The problem >> Send each entry back exactly as given, pictures excluded.

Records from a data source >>

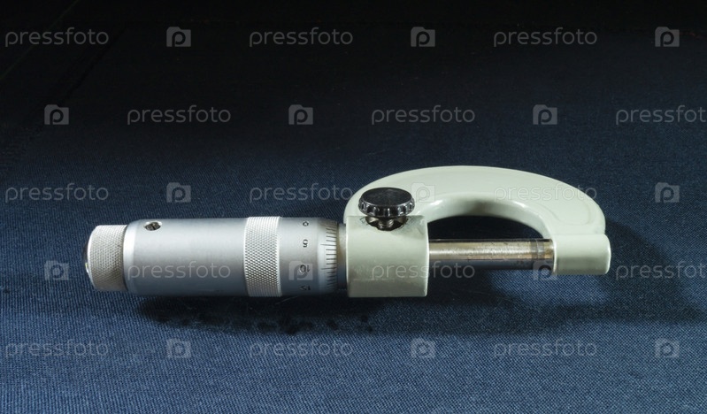 Инструментальный микрометр на синем столе на черном фоне
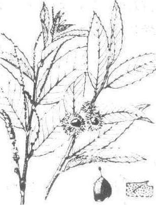 古代名物 > 木果類 > 果木部 > 喬木 > 栵 > 茅栗 茅栗 máolì 即栵。一種小栗。宋·沈括《夢溪筆談·辨證》:“江南有小栗,謂之茅栗。”明·李時珍《本草綱目·果一·栗》:“〔集解〕引保昇曰:‘茅栗似板栗而細如橡子,其樹雖小,葉亦不殊,但春生夏花,秋實冬枯為異耳’。” 茅栗Seguin chinkapinCastanea seguinii Dode,壳斗科,栗属。2n=24。原产中国长江流域。落叶小乔木,在瘠地常呈灌木状。叶椭圆形,背面密被灰褐色腺鳞。坚果小,径1~1.5 cm,可食用。结实能力甚强,并能一年多次结果。本种作为板栗砧木,一般嫁接不易成活。与板栗的杂交亲和力也较弱。
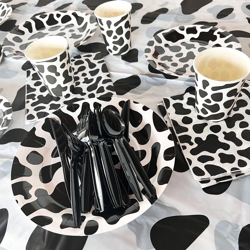 - Cow Print Party: Cow Print disposable Tablewares is the perfect choice for almost any occasion. suitable for your cow themed party, cow print farm animal barn theme party, cow birthday party, weddings, bridal showers, baby showers, kitchen table decoration, picnics, birthday party etc., outdoor use, picnic, camping or hiking.
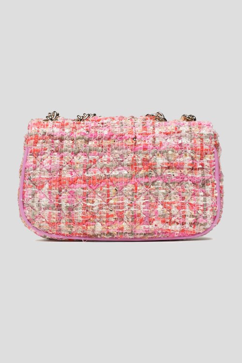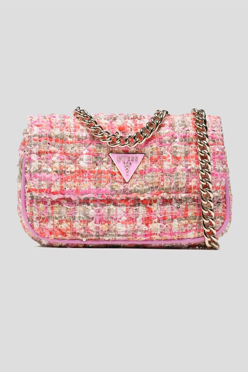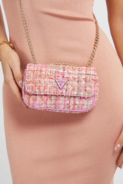 Детали: Женская твидовая розовая сумка кросс-боди Spark Micro от Guess (Гесс). Значок с логотипом, золотистая фурнитура, два ремешка с пряжками, плечевая цепочка, застежка на магнит, одно отделение. Размер: 17X11X6 см. Высота ручки/ремня: 32/55 см
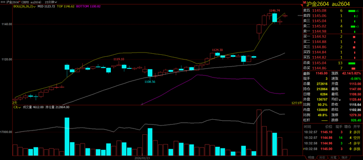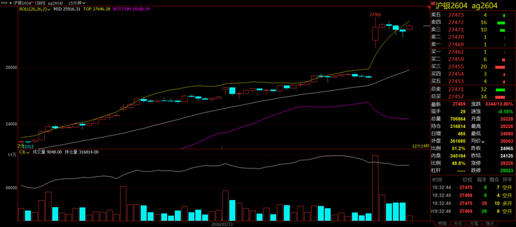 1月26日,贵金属市场迎来了历史性的爆发时刻,现货白银日内涨幅超过5%,触及每盎司108.53美元的纪录新高,沪银主力合约更是暴涨14.00%,报价攀升至27280元/千克。与此同时,现货黄金日内暴涨100.53美元,最新报5086.66美元/盎司,涨幅2.02%。现货铂金上涨逾3%,创下每盎司2862.25美元的纪录新高。现货钯金亦涨超3.4%,最高至每盎司2086.45美元。
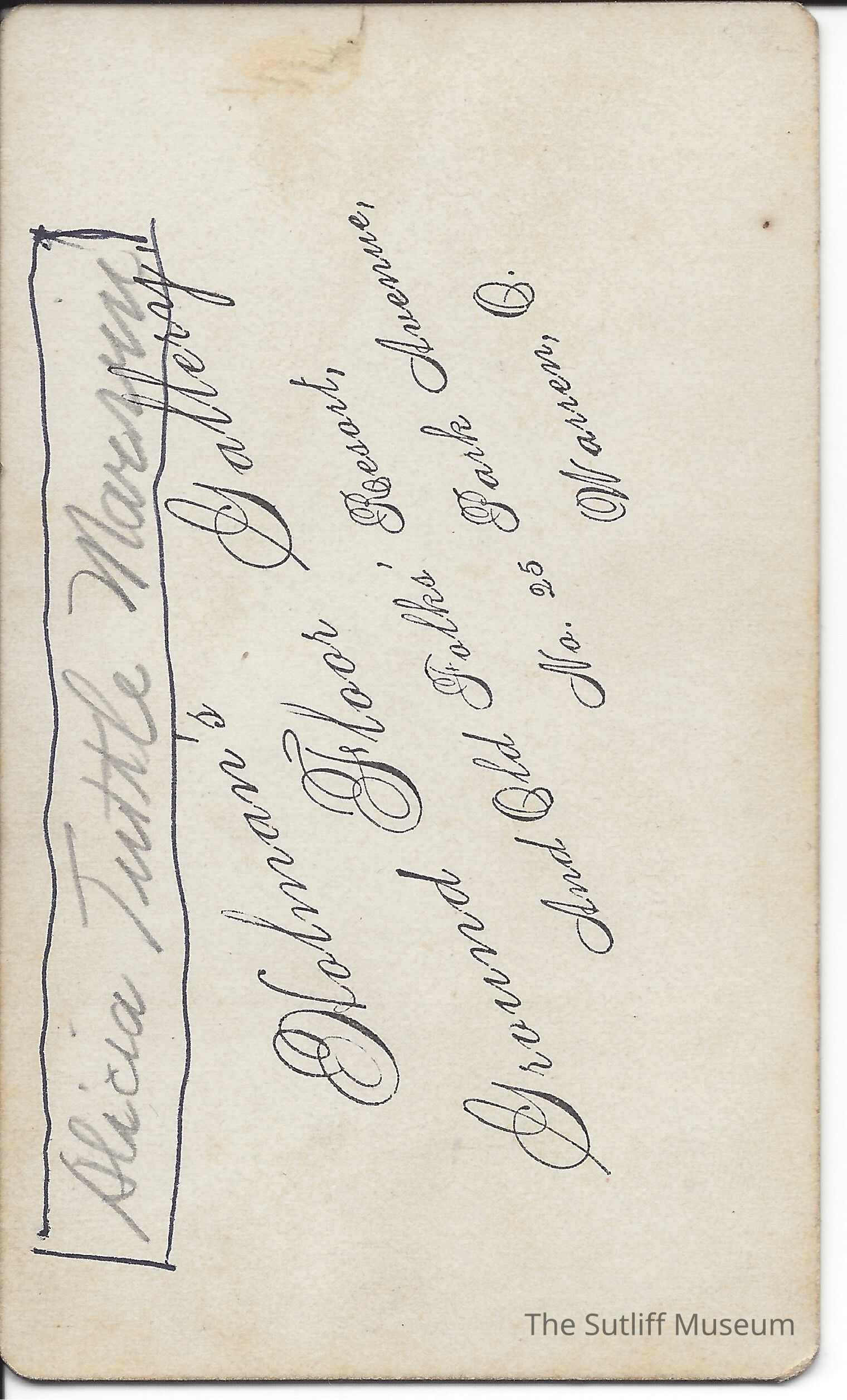 Photograph of Alicia Tuttle, head and shoulders. "Alicia Ardula Tuttle Marvin" written on the back in pencil and boxed in black pen.Collection
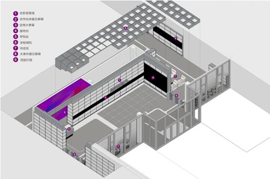 抽象的光变成具像的形态,这份光亮变得触手可及。设计用软膜灯箱来消除人工光源的刺眼感受,整体光源全部是柔和的发光面。大片的面光源用空间构成的手法形成整个大堂的光墙和顶面。大堂的主要功能是用于观众的汇聚和疏导。步入大堂首先看到的是由墙顶地构成的光网格空间,是观者用于合影留念的场地。右侧播放宣传片的屏幕嵌于光墙之中。两侧的安检闸机对应不同的参观流线。接待台背后的存包空间呈现了整个场所唯一的亮色,明艳的紫红色增加了空间的层次。材料和技法只是这次空间叙事的词汇,形式是呈现的结果,而这些都不是事件的出发点。
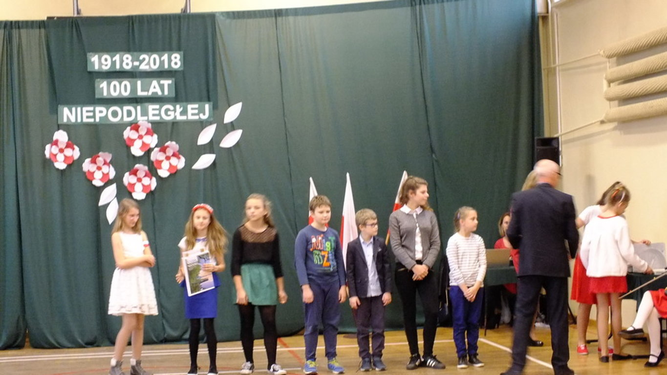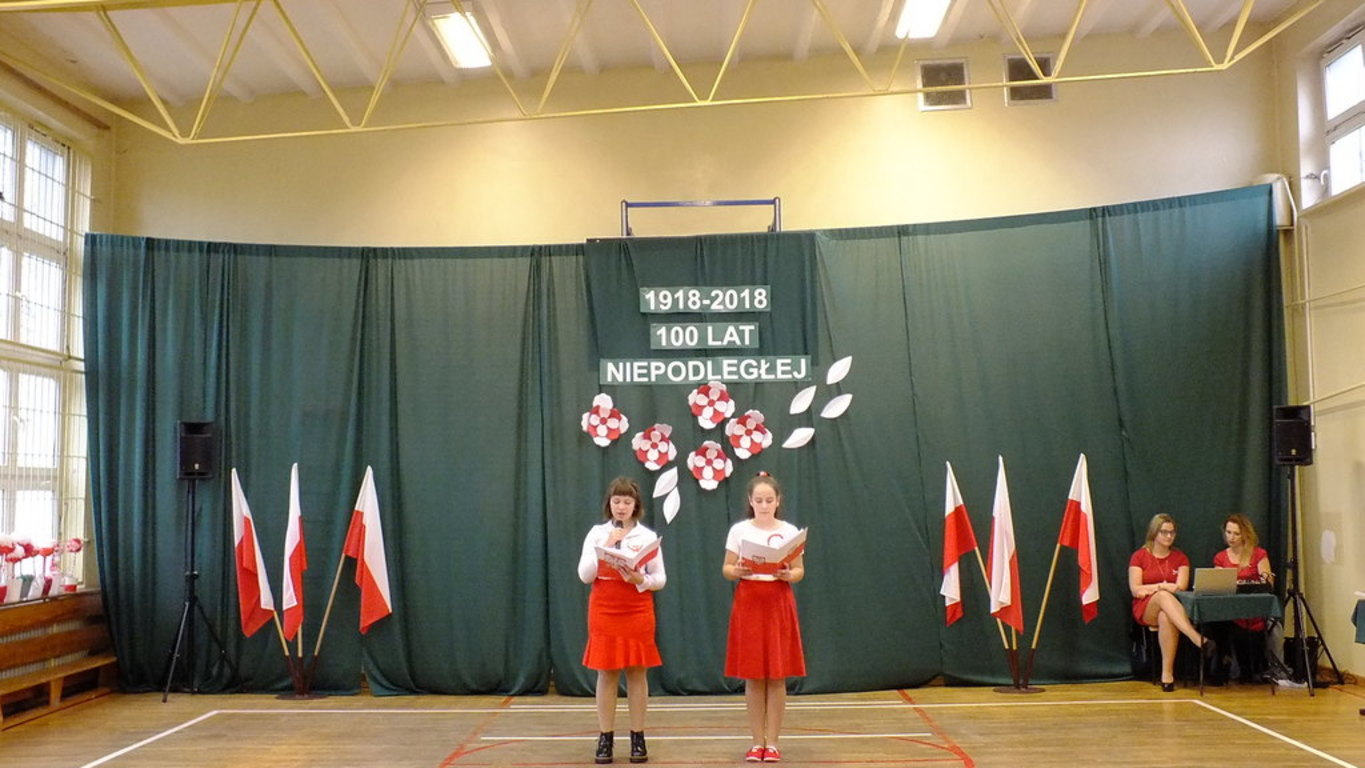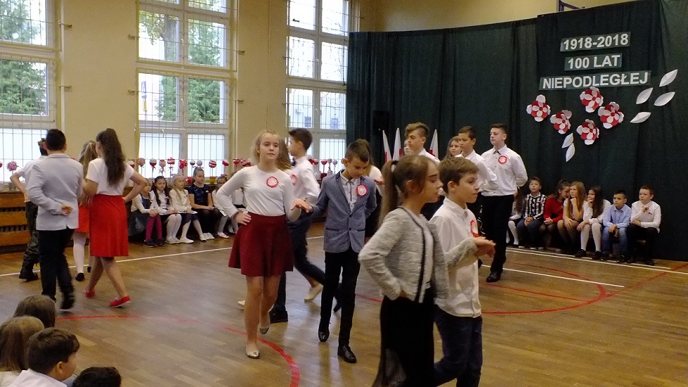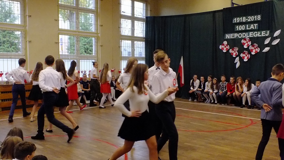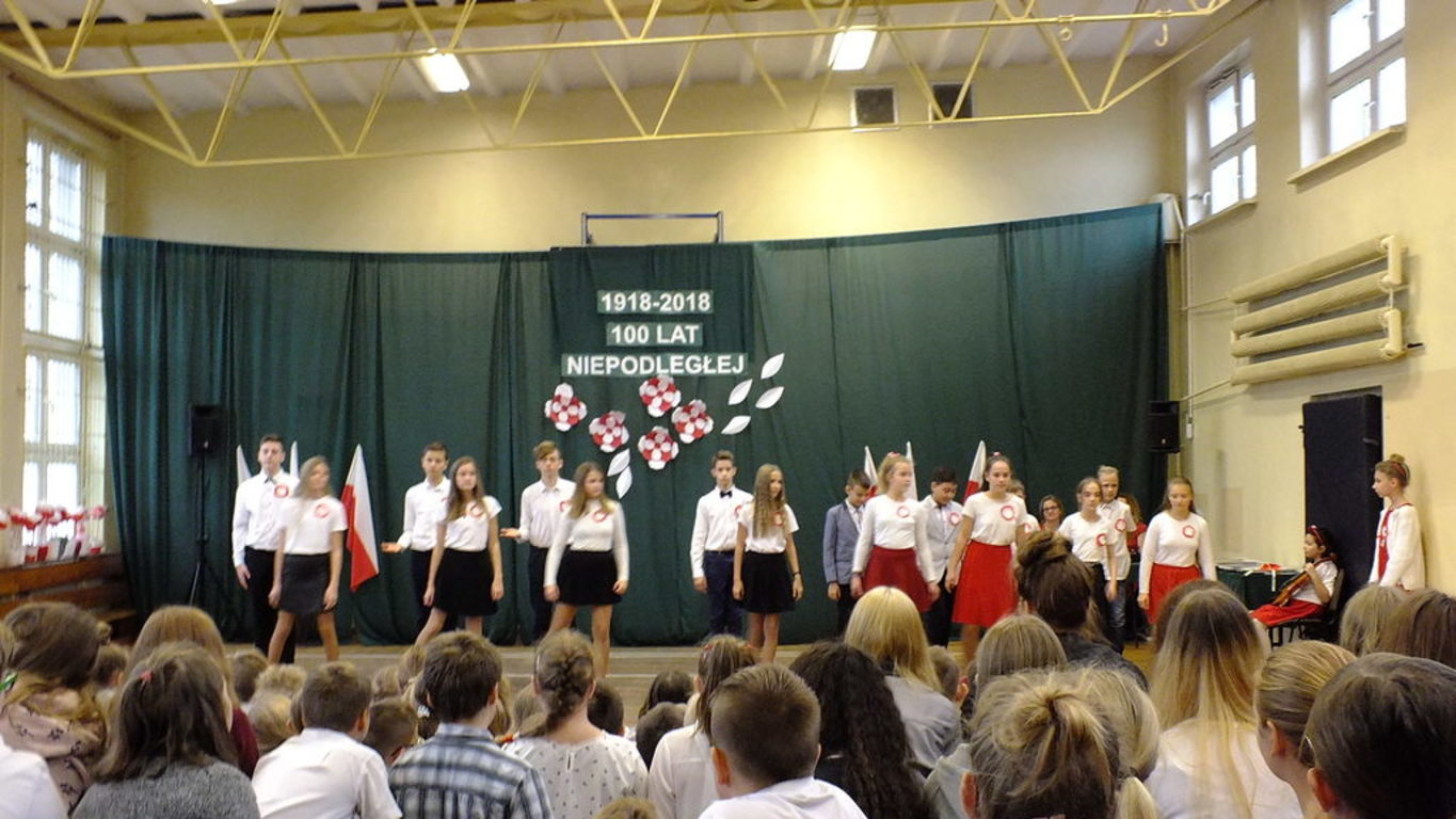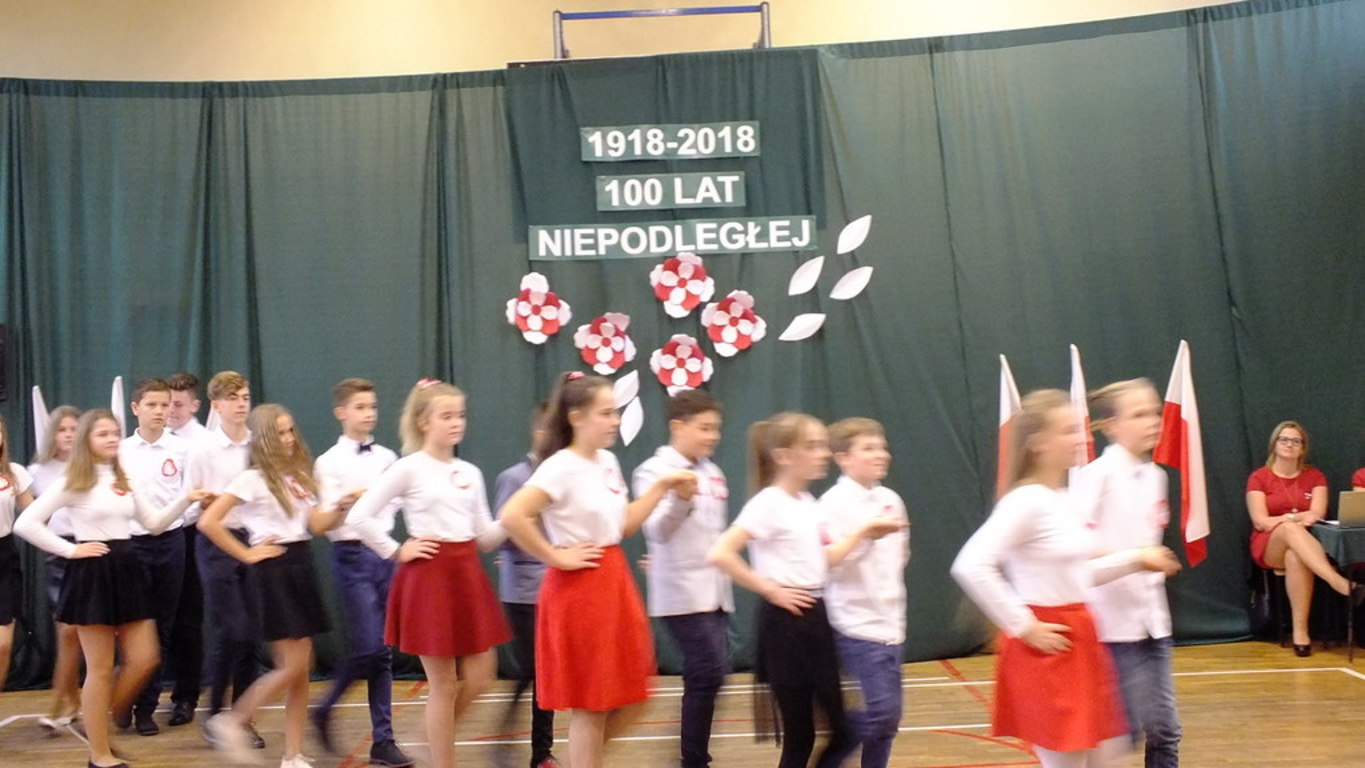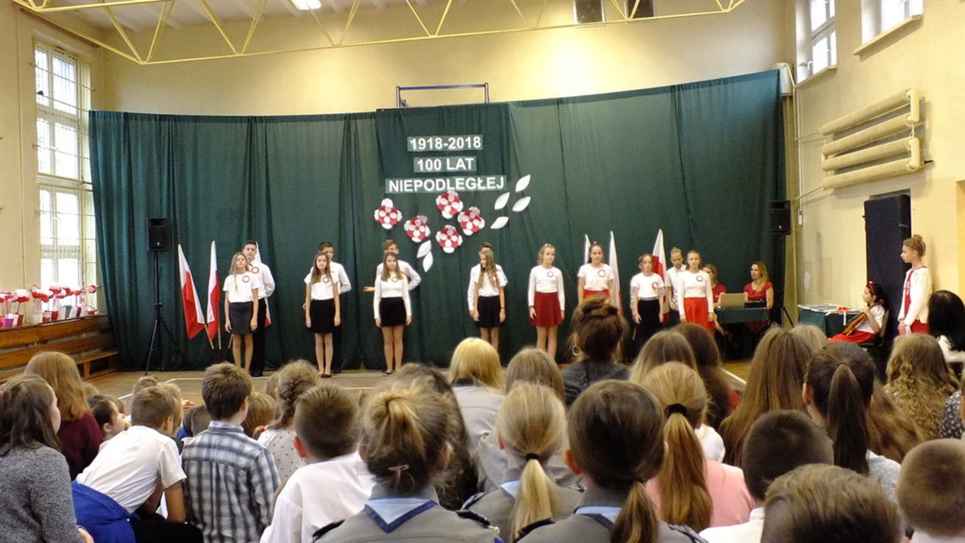 9 listopada b.r. w naszej szkole obchodziliśmy setną rocznicę niepodległości Polski. Przygotowania do tego dnia trwały od początku 2018 r., kiedy to opracowany został projekt „Dla Niepodległej”, który był wdrażany od kwietnia do listopada bieżącego roku. Zadania wyznaczone projektem zostały zrealizowane oraz podsumowane w tym bardzo uroczystym dniu, gdzie słowem, pieśnią, muzyką i tańcem świętowaliśmy rocznicę niepodległości. Polonez w formie tańca i polonez odegrany na skrzypcach wprowadziły słuchaczy w radosny i niezwykły nastrój. Kolory białe i czerwone wyraźnie odnosiły się do barw narodowych. Wstęgi narodowe przypięte do strojów wykonawców i słuchaczy wskazywały na niezwykłość wydarzenia. Mieliśmy okazję obejrzeć przedstawienie „Ta, co nie zginęła”, wysłuchać pieśni patriotycznych oraz prac literackich: Kartka z pamiętnika mojego pradziadka. Ponadto wzięliśmy udział we wspólnym śpiewaniu czterech strof „Hymnu Polski”, który o godzinie 11.11 zabrzmiał w szkołach całej Polski. Rozstrzygnięcie konkursów plastycznych, historycznych oraz literackich stanowiło ważny punkt programu „Dla Niepodległej”. Pochwaliliśmy się również wycieczkami historyczno – przyrodniczymi, które odbyły się w październiku 2018 r. do różnych miejsc naszego regionu związanych z wydarzeniami, jakich doświadczyli Polacy w swojej historii nowożytnej. Na koniec uroczystości wyruszyliśmy ścieżkami naszej dzielnicy na Paradę Niepodległości.

Exercise response >>
 Инструментальный микрометр на синем столе на черном фоне
 古代名物 > 木果類 > 果木部 > 喬木 > 栵 > 茅栗 茅栗 máolì 即栵。一種小栗。宋·沈括《夢溪筆談·辨證》:“江南有小栗,謂之茅栗。”明·李時珍《本草綱目·果一·栗》:“〔集解〕引保昇曰:‘茅栗似板栗而細如橡子,其樹雖小,葉亦不殊,但春生夏花,秋實冬枯為異耳’。” 茅栗Seguin chinkapinCastanea seguinii Dode,壳斗科,栗属。2n=24。原产中国长江流域。落叶小乔木,在瘠地常呈灌木状。叶椭圆形,背面密被灰褐色腺鳞。坚果小,径1~1.5 cm,可食用。结实能力甚强,并能一年多次结果。本种作为板栗砧木,一般嫁接不易成活。与板栗的杂交亲和力也较弱。
 - Cow Print Party: Cow Print disposable Tablewares is the perfect choice for almost any occasion. suitable for your cow themed party, cow print farm animal barn theme party, cow birthday party, weddings, bridal showers, baby showers, kitchen table decoration, picnics, birthday party etc., outdoor use, picnic, camping or hiking.
 Детали: Женская твидовая розовая сумка кросс-боди Spark Micro от Guess (Гесс). Значок с логотипом, золотистая фурнитура, два ремешка с пряжками, плечевая цепочка, застежка на магнит, одно отделение. Размер: 17X11X6 см. Высота ручки/ремня: 32/55 см
 1月26日,贵金属市场迎来了历史性的爆发时刻,现货白银日内涨幅超过5%,触及每盎司108.53美元的纪录新高,沪银主力合约更是暴涨14.00%,报价攀升至27280元/千克。与此同时,现货黄金日内暴涨100.53美元,最新报5086.66美元/盎司,涨幅2.02%。现货铂金上涨逾3%,创下每盎司2862.25美元的纪录新高。现货钯金亦涨超3.4%,最高至每盎司2086.45美元。
 Photograph of Alicia Tuttle, head and shoulders. "Alicia Ardula Tuttle Marvin" written on the back in pencil and boxed in black pen.Collection
 抽象的光变成具像的形态,这份光亮变得触手可及。设计用软膜灯箱来消除人工光源的刺眼感受,整体光源全部是柔和的发光面。大片的面光源用空间构成的手法形成整个大堂的光墙和顶面。大堂的主要功能是用于观众的汇聚和疏导。步入大堂首先看到的是由墙顶地构成的光网格空间,是观者用于合影留念的场地。右侧播放宣传片的屏幕嵌于光墙之中。两侧的安检闸机对应不同的参观流线。接待台背后的存包空间呈现了整个场所唯一的亮色,明艳的紫红色增加了空间的层次。材料和技法只是这次空间叙事的词汇,形式是呈现的结果,而这些都不是事件的出发点。
 9 listopada b.r. w naszej szkole obchodziliśmy setną rocznicę niepodległości Polski. Przygotowania do tego dnia trwały od początku 2018 r., kiedy to opracowany został projekt „Dla Niepodległej”, który był wdrażany od kwietnia do listopada bieżącego roku. Zadania wyznaczone projektem zostały zrealizowane oraz podsumowane w tym bardzo uroczystym dniu, gdzie słowem, pieśnią, muzyką i tańcem świętowaliśmy rocznicę niepodległości. Polonez w formie tańca i polonez odegrany na skrzypcach wprowadziły słuchaczy w radosny i niezwykły nastrój. Kolory białe i czerwone wyraźnie odnosiły się do barw narodowych. Wstęgi narodowe przypięte do strojów wykonawców i słuchaczy wskazywały na niezwykłość wydarzenia. Mieliśmy okazję obejrzeć przedstawienie „Ta, co nie zginęła”, wysłuchać pieśni patriotycznych oraz prac literackich: Kartka z pamiętnika mojego pradziadka. Ponadto wzięliśmy udział we wspólnym śpiewaniu czterech strof „Hymnu Polski”, który o godzinie 11.11 zabrzmiał w szkołach całej Polski. Rozstrzygnięcie konkursów plastycznych, historycznych oraz literackich stanowiło ważny punkt programu „Dla Niepodległej”. Pochwaliliśmy się również wycieczkami historyczno – przyrodniczymi, które odbyły się w październiku 2018 r. do różnych miejsc naszego regionu związanych z wydarzeniami, jakich doświadczyli Polacy w swojej historii nowożytnej. Na koniec uroczystości wyruszyliśmy ścieżkami naszej dzielnicy na Paradę Niepodległości.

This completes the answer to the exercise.